Third, if it is necessary to get a higher production from a needle loom, it is better to increase the number of needles in the board or increase the speed of the embroidery board. Less commonly, the geotextile is needed for drainage, which means water movement in the plane of the fabric.

Stitch bonding

• Batt bonded by threads
• Stitch bonding without threads
• Stitch bonding to produce a pile fabric
• Batt looped through a supporting structure
• Laid yarns sewn together with binding threads

This structure was used for making single-sided pile towels and also for making loop-pile rugs in Eastern Europe. The structure was not popular in the West due to competition with double-sided terry towels and tufted rugs. Again, sets of yarns are laid crosswise, but in this case not in the transverse direction, but at, for example, 45° or 60° to the transverse direction.

Hydroentanglement

Two sets of yarn in e.g. +45° and -45° in the transverse direction plus another layer of yarn in the machine direction can be sewn together in the usual way. Again, high modulus yarns are used, with the advantage that the directional properties of the fabric can be designed to satisfy the stresses in the component being manufactured.

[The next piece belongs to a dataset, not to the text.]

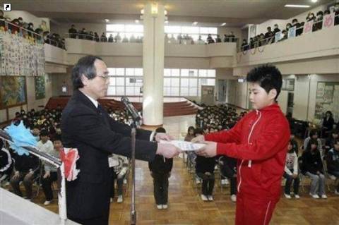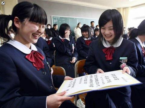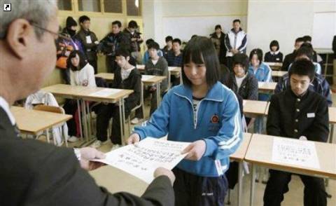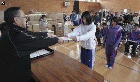 В разрушенных землетрясением и цунами японских городах закончился учебный год. Детям, которые сумели выжить в страшных природных катаклизмах, вручили аттестаты.
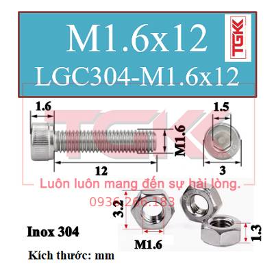 Bu lông lục giác chìm inox 304-M1.6x12+E

Finishing of technical textiles

Introduction

Finishing processes

Chemical processes: these can be described as those processes that involve the application of chemicals to the fabric. After the filling or chemical finish application stage, the fabric is usually dried to remove water from the fabric and then some form of coating fixation is performed.

Mechanical finishes

• Calendering
• Raising
• Shearing
• Compressive shrinkage

Schreiner or silk finish: this is a silk-like finish on one side of the fabric. In the pile action, the points of the wire are directed away from the direction of movement of the fabric.

Heat setting

• Heat-setting mechanisms
• Fibre structure
• Polymer orientation
• Transition temperatures
• Heat shrinkage
• Heat setting
• Essentials of heat setting

In nylon and polyester, these crystalline regions take up about 50% of the total space in the fiber. Melting Point: At this point, the forces holding the molecules in the crystalline regions of the fiber are overcome by the thermal energy and the polymer melts.

Chemical processes

• Durable flame-retardant treatments 13,14
• Synthetic fibres with inherent flame-retardant properties
• Water-repellent finishes
• Antistatic finishes
• Antimicrobial and antifungal finishes

Some of the later treatments involve the use of other fatty acid derivatives and some of these are shown in Fig. The normal addition depends on the efficiency of the specific product, but addition weights of 1-4% are commonly quoted.

Table 7.1 Typical backcoating formulation

Coating of technical textiles

Introduction

Chemistry of coated textiles

• Polyvinyl chloride (PVC)
• Polyvinylidene chloride (PVDC)
• Polytetrafluoroethylene (PTFE)
• Rubber
• Styrene–Butadiene Rubber (SBR)
• Nitrile rubber
• Butyl rubber
• Polychloroprene (neoprene)
• Chlorosulphonated polyethylene (Hypalon)
• Silicone rubbers
• Polyurethanes

As in the case of PVC, it is produced by emulsion polymerization of vinylidene chloride, as illustrated in fig. These principles are used in the production of tires and harnesses, where the excellent wear resistance of natural rubber makes it the material of choice.

Coating techniques 12

• Lick roll
• Knife coating

The two materials will react at room temperature, although this is often accelerated by raising the temperature. These blocked isocyanates will not react at room temperature, but will react at elevated temperatures in the presence of organotin catalysts.